The public was not informed of Hall's voluntary transition from Executive Chairman to Chairman until Velodyne issued a press release on January 13, 2021, five days later. Id. n. 8. And the public would not learn of the Audit Committee's internal investigation into Hall until February 22, 2021, when Velodyne issued a press release informing the public that Hall had been terminated as Chairman on February 19, 2021 for “fail[ing] to operate with respect, honesty, integrity, and candor in their dealings with Company officer and directors.” Id. ¶ 19. Finally, the public would not learn about the Board room strife until Hall himself described it in his February 24, 2021 press release, his March 2021 Schedule 13D, his March 2021 Business Wire letter to the board, and his January 2022 State Court Complaint.

2. Velodyne's Financial Outlook and Guidance

Plaintiffs also allege defendants “repeatedly touted” Velodyne's financial outlook and prospects by overstating anticipated contract revenues and omitting problems that undermined their optimistic projections. Id. ¶ 27. On January 7, 2021, the company withdrew its future financial guidance and disclosed that it had missed its 2020 revenue targets. Id. ¶ 29.
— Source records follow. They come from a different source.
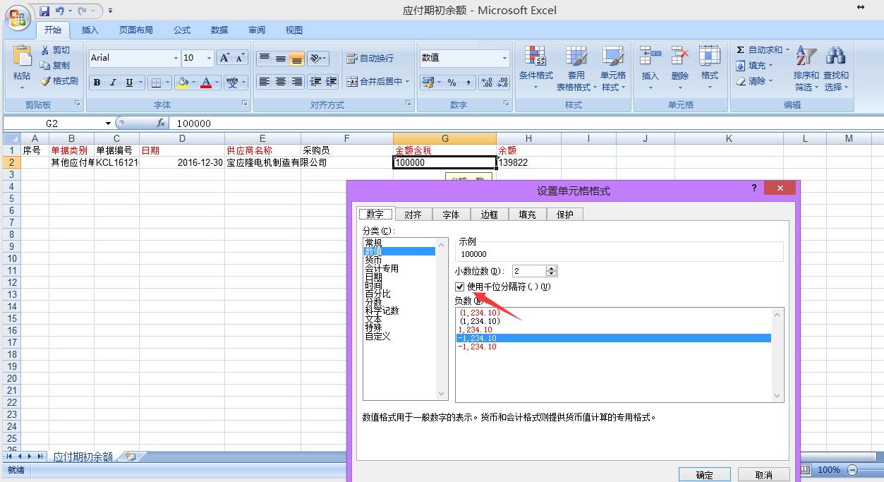 這里的日期可以是單據實際發生的日期,以江陰金橋的付款單為例,付款日期為2012年6月27日,付款金額為38900元,到2013年年初還有155.6元應付金額。
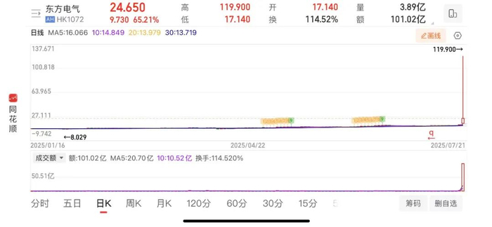 东方电气更为夸张,开盘即从竞价的17.14港元,直接飙升至119.90港元(涨幅为703.62%),随后涨幅快速回到,成交价回到20.85港元附近。从成交来看,在9时30分22秒出现一笔异常交易,以119.90港元/股成交了400股,较上一笔19.32港元/股上涨了520%。有可能是有交易员出现乌龙指,将19.90港元误输入为119.90港元。东方电气港股收盘涨幅为65.21%,收盘价为24.65港元。
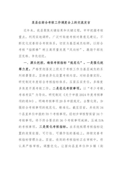 / 【七哥公文】2024年:某县在综合考核工作调度会上的交流发言+更多免费公文+VX:QiGeGongWen2024
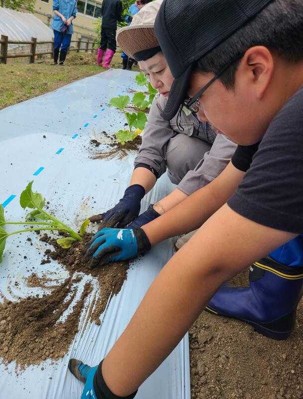 <農業>~かぼちゃの定植~優しく土を寄せます
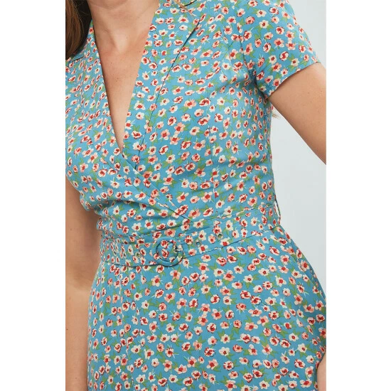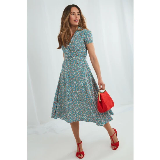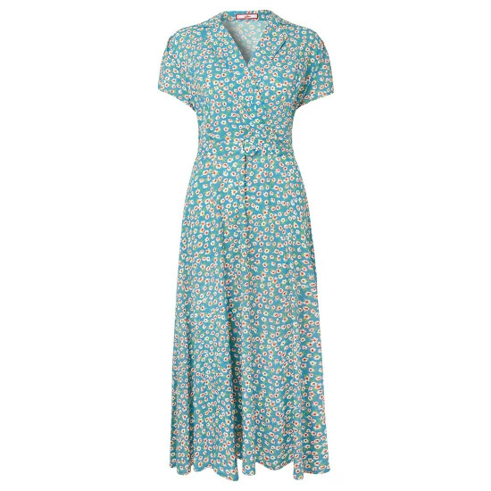 This 1940s inspired tea dress has everything you need to look the part this season. Florals, puff sleeves and a fabric belt are topped off with a collar and lapel neckline to create the perfect base for your new favourite summer look. Just add pumps or brogues to complete the vintage ensemble.
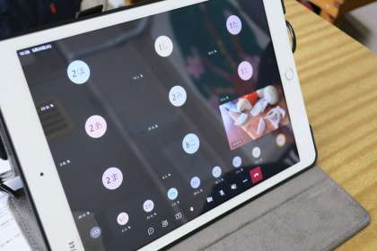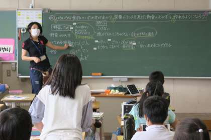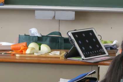 6年家庭科の授業です。食品のいため方を学習しています。今は実習ができないので、先生の実演をタブレットで見ています。お家で作ってあげてください。
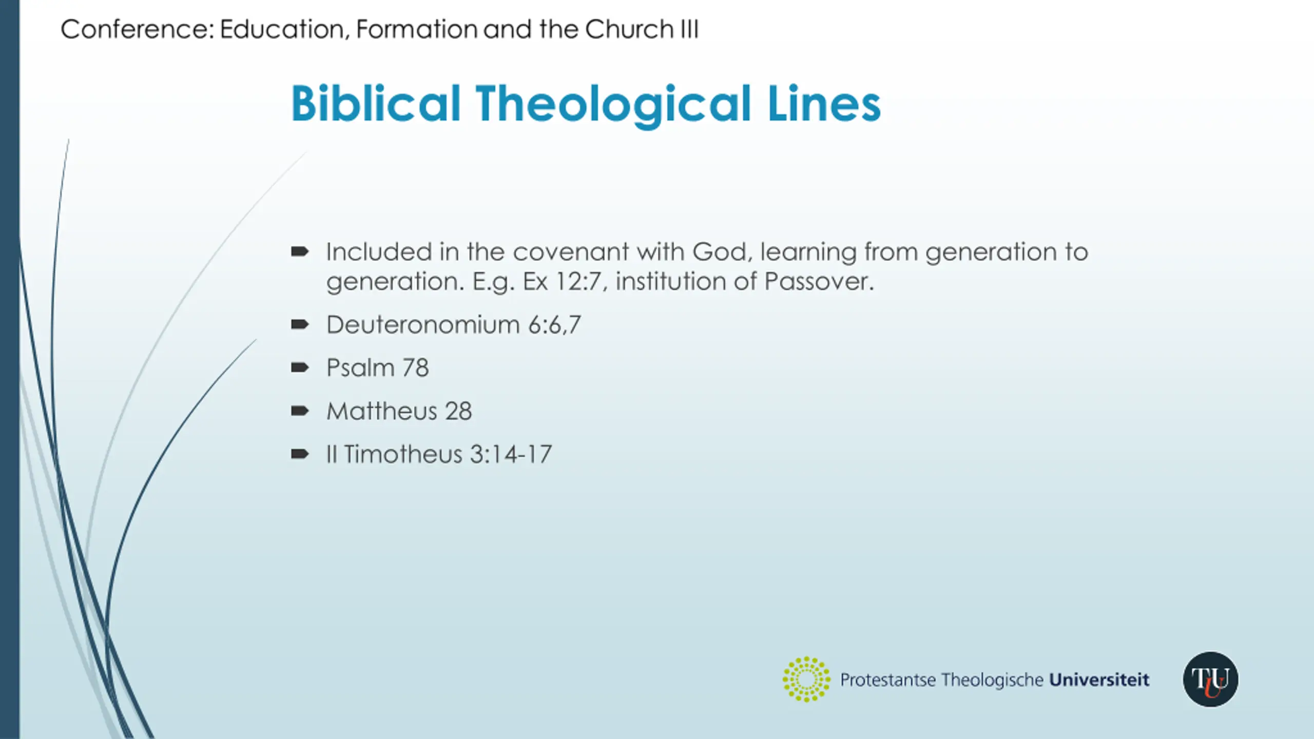 - Biblical Theological Lines Included in the covenant with God, learning from generation to generation. E.g. Ex 12:7, institution of Passover. Deuteronomium 6:6,7 Psalm 78 Mattheus 28 II Timotheus 3:14-17
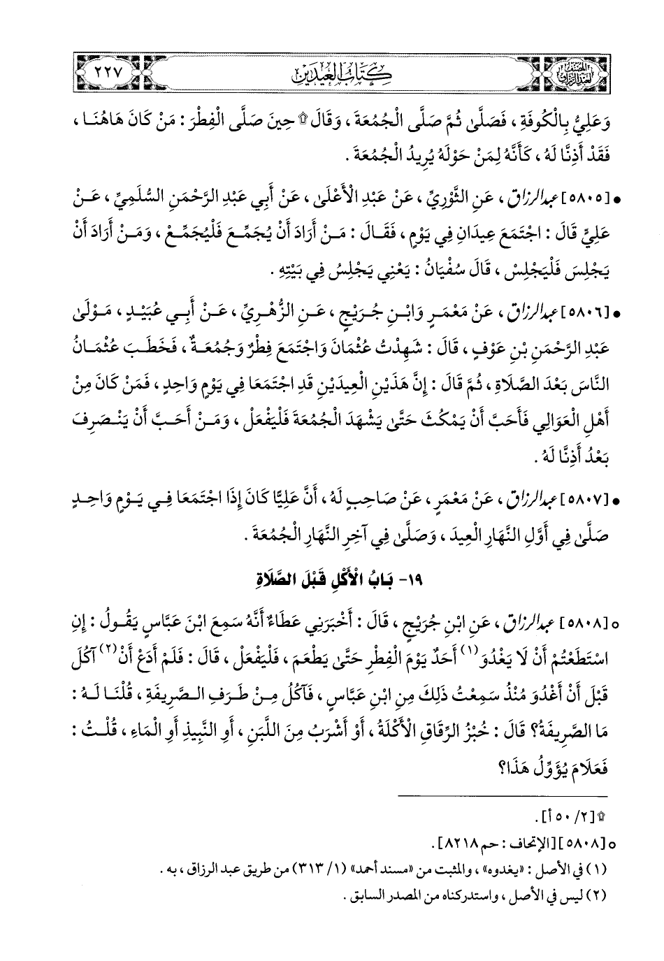 5808 - عبد الرزاق، عَنِ ابْنِ جُرَيْجٍ، قَالَ: أَخْبَرَنِي عَطَاءٌ، أَنَّهُ سَمِعَ ابْنَ عَبَّاسٍ يَقُولُ: إِنِ اسْتَطَعْتُمْ أَنْ لاَ يَغْدُوَ أَحَدٌ يَوْمَ الْفِطْرِ حَتَّى يَطْعَمَ فَلْيَفْعَلْ، قَالَ: فَلَمْ أَدَعْ أَنْ آكُلَ قَبْلَ أَنْ أَغْدُوَ مُنْذُ سَمِعْتُ ذَلِكَ مِنَ ابْنِ عَبَّاسٍ، فَآكُلُ مِنْ طَرَفِ الصَّرِيفةِ (1)، قُلْنَا لَهُ: مَا الصَّرِيفَةُ؟ قَالَ: خُبْزُ الرِّقَاقِ الأَكْلَةُ، أَوْ أَشْرَبُ مِنَ اللَّبَنِ، أَوِ النَّبِيذِ، أَوِ المَاءِ، قُلْتُ: فَعَلاَمَ يُؤَوِّلُ (2) هَذَا؟.
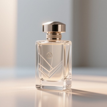 奢华感与优雅感交织,现代3D玻璃瓶身搭配金属盖,光影流动中展现重拟物质感,尽显高端美学。
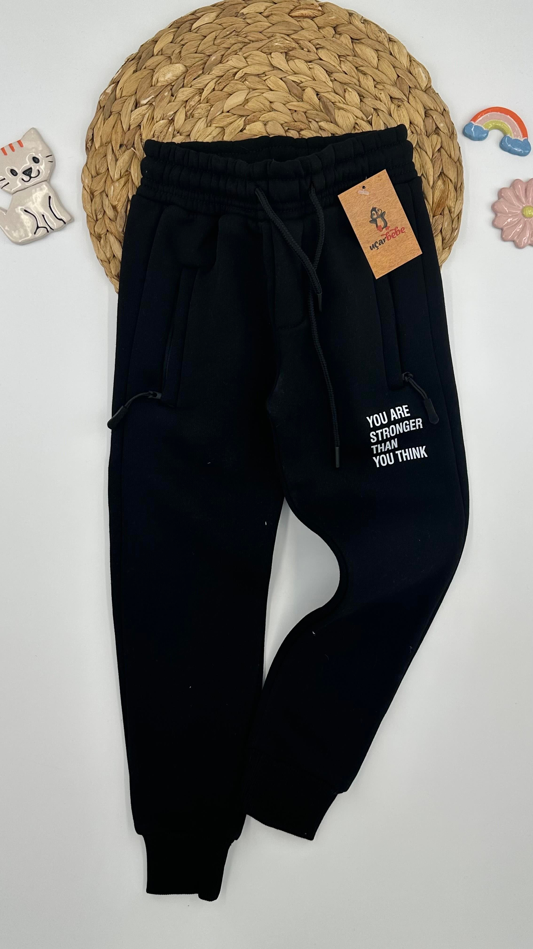 0910 Üç İplik Şardonlu Yazı Desenli Eşofman Altı SİYAH
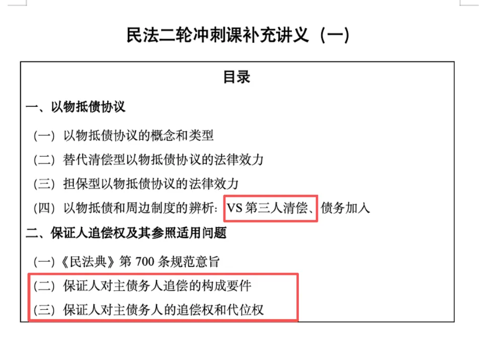 关于第三人清偿,在二轮冲刺课补充讲义(一)中有所涉及,其规范构造涉及与以物抵债的概念区分,其法律效果的“追偿权”与“代位权”则与保证人追偿权法理相通。
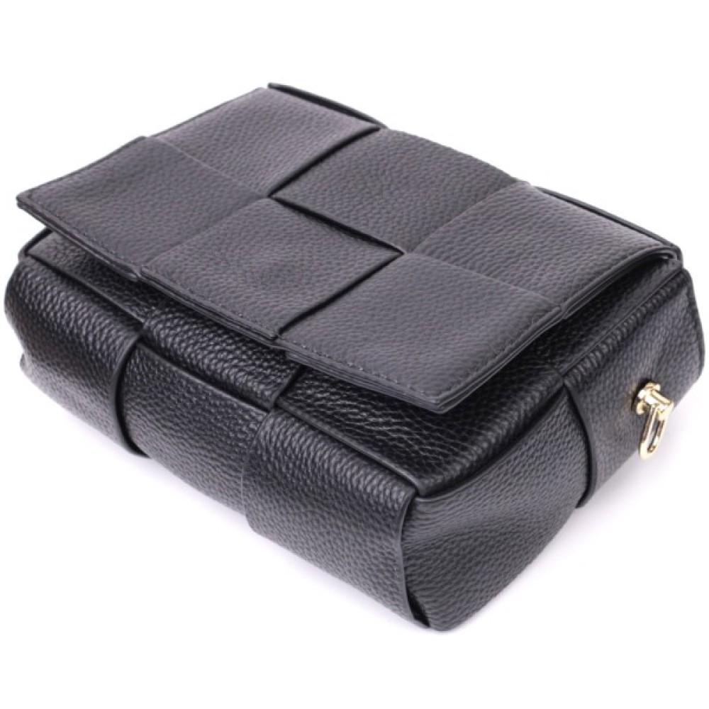 Приваблива жіноча сумка з переплетеної шкіри та кишенею-косметичкою всередині. Виріб пошитий з якісної натуральної м'якої шкіри, яка довго носиться і не втрачає свого первісного вигляду. Аксесуар складається з одного відділення, в якому пристібається кишеня косметичка на блискавці. Носити сумку можна під рукою, на плечі та через плече, для цього є текстильний ремінь, що знімається. У виробі використано якісну фурнітуру кольору жовтого золота. Універсальний варіант сумки як на вечір так і як сумочка на кожен день.
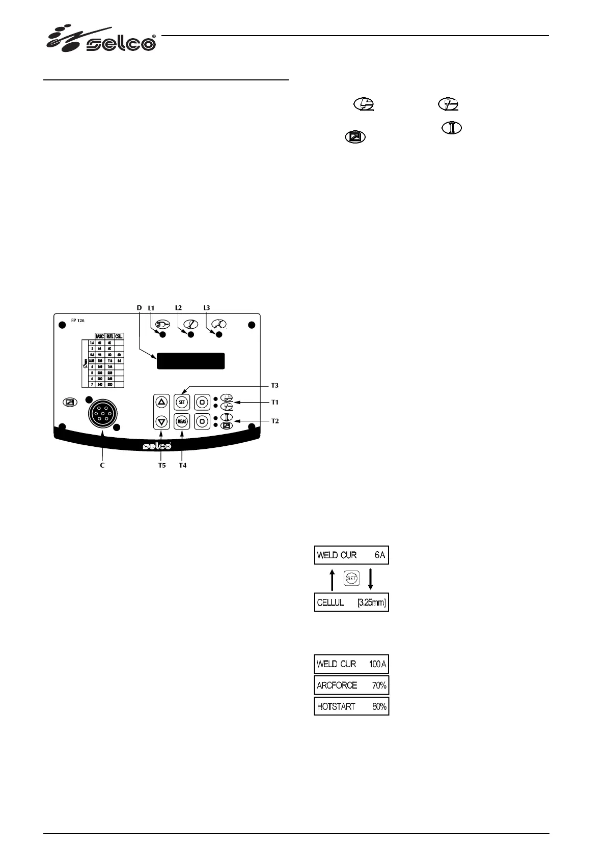 - de toets T2 in te drukken om de lasstroom in te stellen
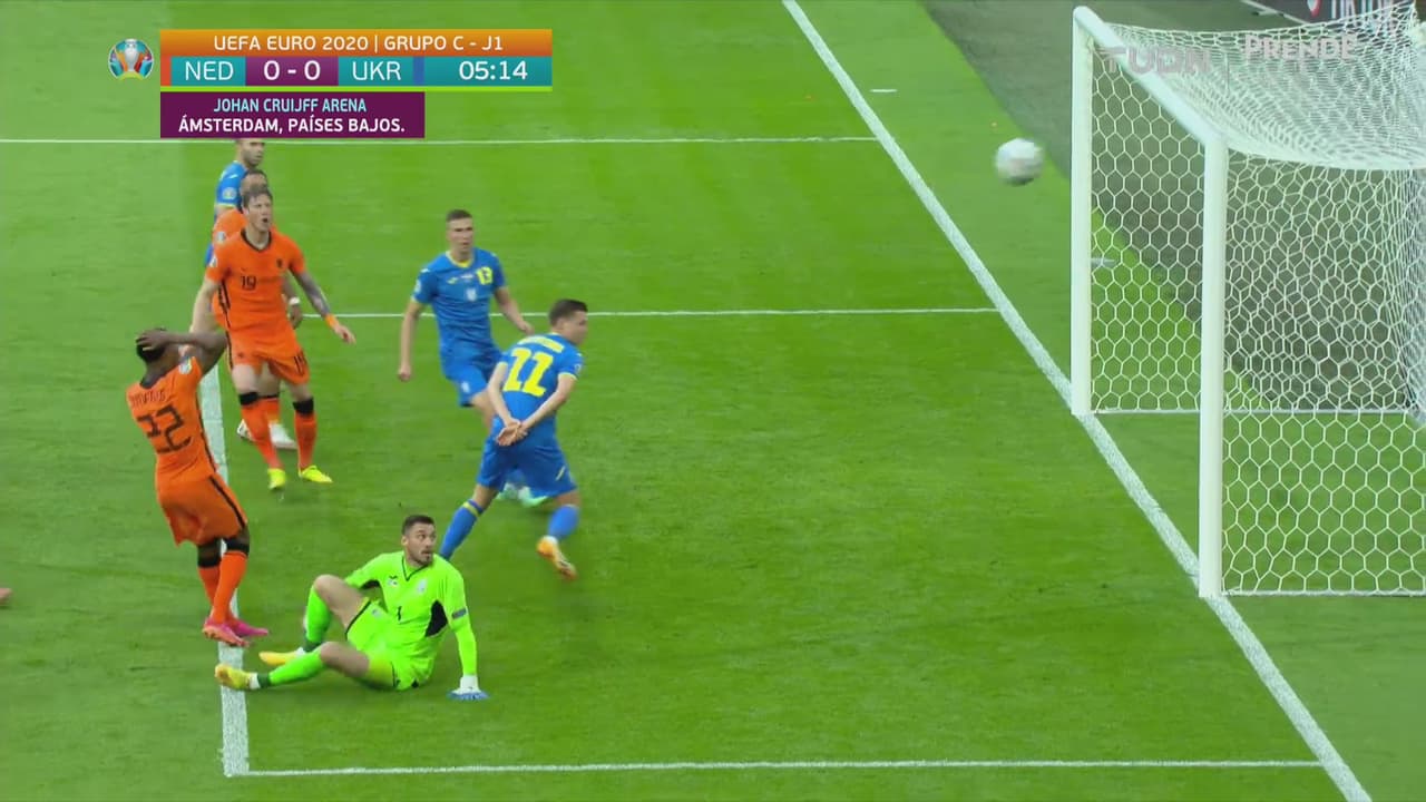 Dumfries recibió el balón en el área y el portero le arrebató la anotación a los 4 minutos.

a. Defendant's Optimistic Outlook

When news of the merger first went public, Velodyne and Graf Industrial's July 2, 2020 Joint Press Release stated that Velodyne's “[e]stimated revenues under existing customer contracts are expected to exceed $800 million from 2020 to 2024. Velodyne is expected to generate revenues of approximately $100 million in 2020, increasing to approximately $680 million in 2024 with existing contracts expected to drive just under 50% of the estimated 2024 revenues.” Id. ¶ 199; Dkt. No. 103-4 at 3. Grad Industrial also prepared and filed an Investor Presentation as an exhibit to the July 2, 2020 Joint Press Release. Id. ¶ 204; Dkt. No. 103-5. The Investor Presentation stated: (1) Velodyne had more than $680 million in projected revenue through 2024, and that 50% of this projected value was “contracted” based on volume and price agreements as of June 1, 2020, and (2) Velodyne had sixteen “signed and awarded contracts” as of June 1, 2020. Id. Importantly, the Investor Presentation commented on the “50% Contracted” statistic with a footnote stating: “Contracts represent agreed upon terms and conditions but do not include final commitment purchase orders. Actual sales may differ materially from projected values.” Dkt. No. 103-5 at 10.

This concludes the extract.